# Convert Form Information To Microsoft Excel or CSV File



## hicksjt (Jul 21, 2005)

Hello,

Is there a way using PHP to create a Microsoft Excel or CSV file on the fly once a user submits information from an online form and then sends it as an attachment via email?

As of now when the form is submitted it goes into a blank page. Thank you for any feedback.

Here is the current PHP code:

<?php

$cr = "\n";
$data = "Name" . ',' . "Email" . ',' . "Age" . ',' "Location". $cr;
$data .= "$name" . ',' . "$email" . ',' . "$age" . ',' "$location". $cr;

$fp = fopen($filename,"a"); // $fp is now the file pointer to file $filename

if($fp)
{
fwrite($fp,$data); // write information to the file
fclose($fp); //close the file
echo "File Saved Successfully"
}
else
{
echo "Error Saving File";
}

header("Content-type: application/octet-stream");
header("Content-Disposition: attachment; filename=test.csv");
header("Pragma: no-cache");
header("Expires: 0");

echo $data;

?>


----------



## TheRobatron (Oct 25, 2007)

Is this what you want?

http://www.finalwebsites.com/snippets.php?id=36


----------



## hicksjt (Jul 21, 2005)

TheRobatron said:


> Is this what you want?
> 
> http://www.finalwebsites.com/snippets.php?id=36


I appreciate the link TheRobatron

From the code description:

"the file has to be uploaded first or should be an existing file on the server"

I hope I'm reading it correctly I believe this would work BUT the data from when a user submits their information into the form would actually *create the file*, put it as an attachment, and then sent it do the appropriate recipient. Storing the files each time a form is submitted might be a little to much


----------



## tomdkat (May 6, 2006)

That PHP code snipet looks like it should create the CSV file from the form fields ok. I'm not the "PHP guy" but your code looks fine, for creating the file.

All you need to do now is add code to have it send mail to the appropriate e-mail address. You should be able to look at the PHP source for just about any free PHP form processing script to get the code to e-mail the file that was created to the appropriate address.

Peace...


----------



## Sequal7 (Apr 15, 2001)

tomdkat said:


> All you need to do now is add code to have it send mail to the appropriate e-mail address. You should be able to look at the PHP source for just about any free PHP form processing script to get the code to e-mail the file that was created to the appropriate address.
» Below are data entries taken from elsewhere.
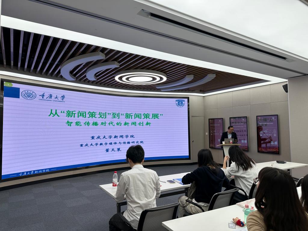 举办的问道·学术工作坊第十七期成功举行。董天策教授为2023网络与新媒体讲习班全体学员做了题为“从‘新闻策划’到‘新闻策展’:智能传播时代的新闻创新”的专题讲座。董天策教授是重庆大学新闻学院原院长、教授、博士生导师,重庆大学数字媒体与传播研究院主任,教育部新世纪优秀人才,新闻出版总署全国新闻出版行业领军人才,重庆市学术技术带头人。讲座由西安交通有爱爱
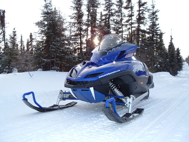- Mtn Viper tailpipe protector/deflector - engine coolant heater - 45 degree J-hooks w/ full coverage grips - Electric visor plug-in - Tether cord - Fuel shut-off valve - Cobra flamed windshield - Blue snowflap (cut shorter) - Black traction brackets - Black sno-slips - Blue headlight covers - Modified GYT-R blue skid plate - Blue hyfax - Blue radius rod trim - Blue trailing arm caps - Blue wire loom on wires and cables - Custom Teflon fangs - Custom Totallyamaha.com decals ;o) |
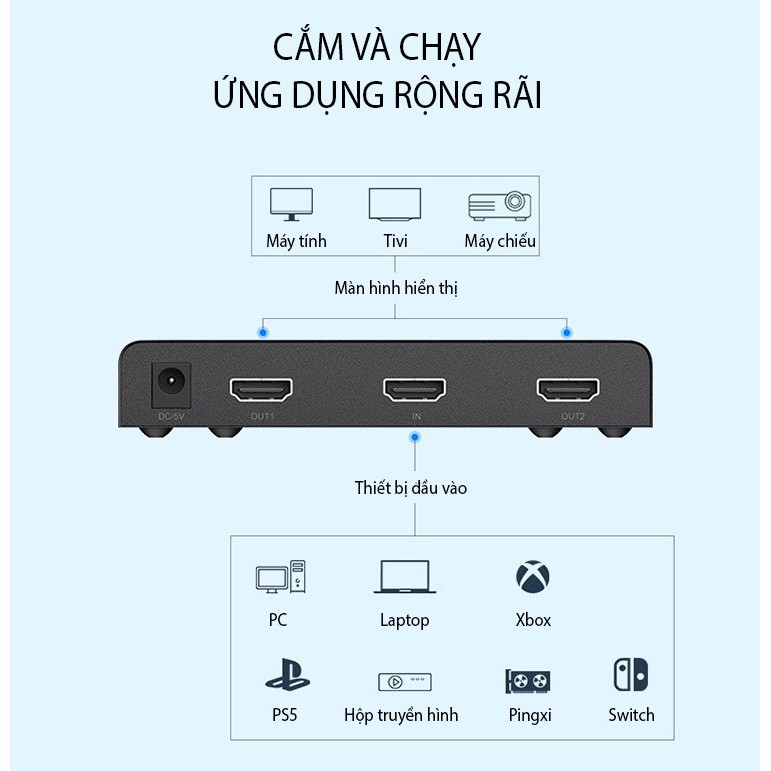 Thiết Bị Điện Gia Dụng > Tivi & Phụ kiện > Khác || [HÀNG CHÍNH HÃNG] BỘ CHIA HDMI 1 RA 2 CỔNG UNITEK V130A HỖ TRỢ 4K CAO CẤPCòn hàng
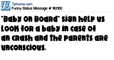 - # 59465 Every time I see a "Baby On Board" sign in a car window I wonder why in the hell the baby isn't in a car seat? Isn't a car seat safer than strapping your baby on a board and do you really want to advertise your lack of parenting skills?
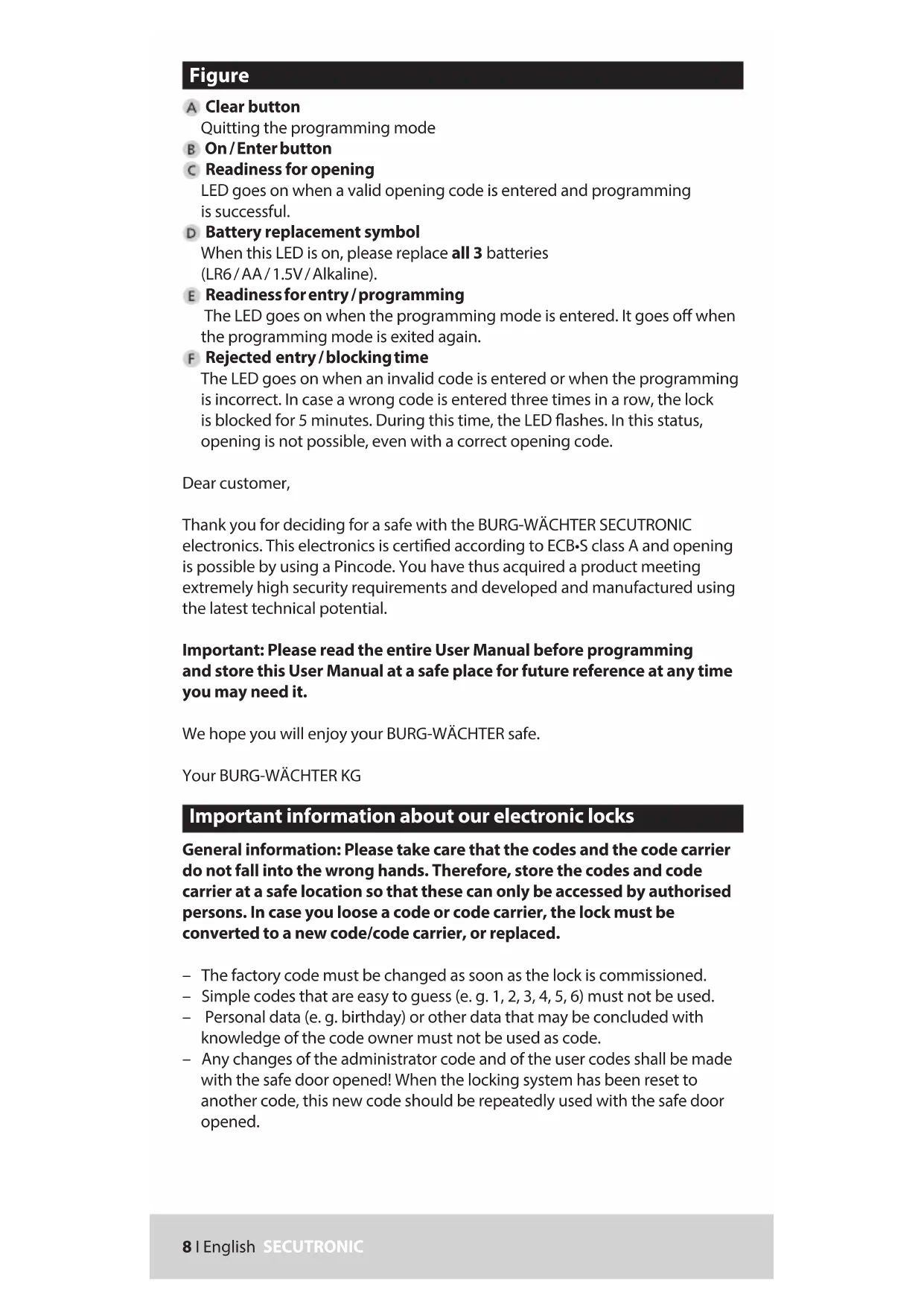 Thank you for deciding for a safe with the BURG-WACHTER SECUTRONIC electronics. This electronics is certified according to ECB-S class A and opening is possible by using a Pincode. You have thus acquired a product meeting extremely high security requirements and developed and manufactured using the latest technical potential.

Just a thought, wouldn't the formail.php script that you are helping aconite work for this too?

http://www.tectite.com/


----------



## tomdkat (May 6, 2006)

Sequal7 said:


> Just a thought, wouldn't the formail.php script that you are helping aconite work for this too?
> 
> http://www.tectite.com/


Not really since the goal isn't to upload a file. 

hicksjt wants to have the fields of a HTML form be written out to a CSV file on the server (as part of the form processing) and _then_ have that CSV file e-mailed to someone.

It looks like the PHP to generate the CSV file is ok and all hicksjt needs now is the PHP to attach that file to an e-mail message that gets sent out.

For a standard file upload situation, I would recommend FormMail with a smile. 

Peace...


----------



## TheRobatron (Oct 25, 2007)

You could use the unlink function (see the PHP manual at http://us3.php.net/manual/en/function.unlink.php) to delete the file as soon as you've sent it. I think you will have to create a local copy of the file in order to send it as an attachment.


----------



## tomdkat (May 6, 2006)

TheRobatron said:


> You could use the unlink function (see the PHP manual at http://us3.php.net/manual/en/function.unlink.php) to delete the file as soon as you've sent it.


Agreed.



> I think you will have to create a local copy of the file in order to send it as an attachment.


Why? The file would already be on the server and the e-mail would be sent from the server, just as if the file had been uploaded to the server.

Peace...


----------



## italiangar (May 18, 2008)

I am interested in doing the same thing - ie taking form fields submitted by people and outputting them as csv or excel compatible.

Many thanks!


----------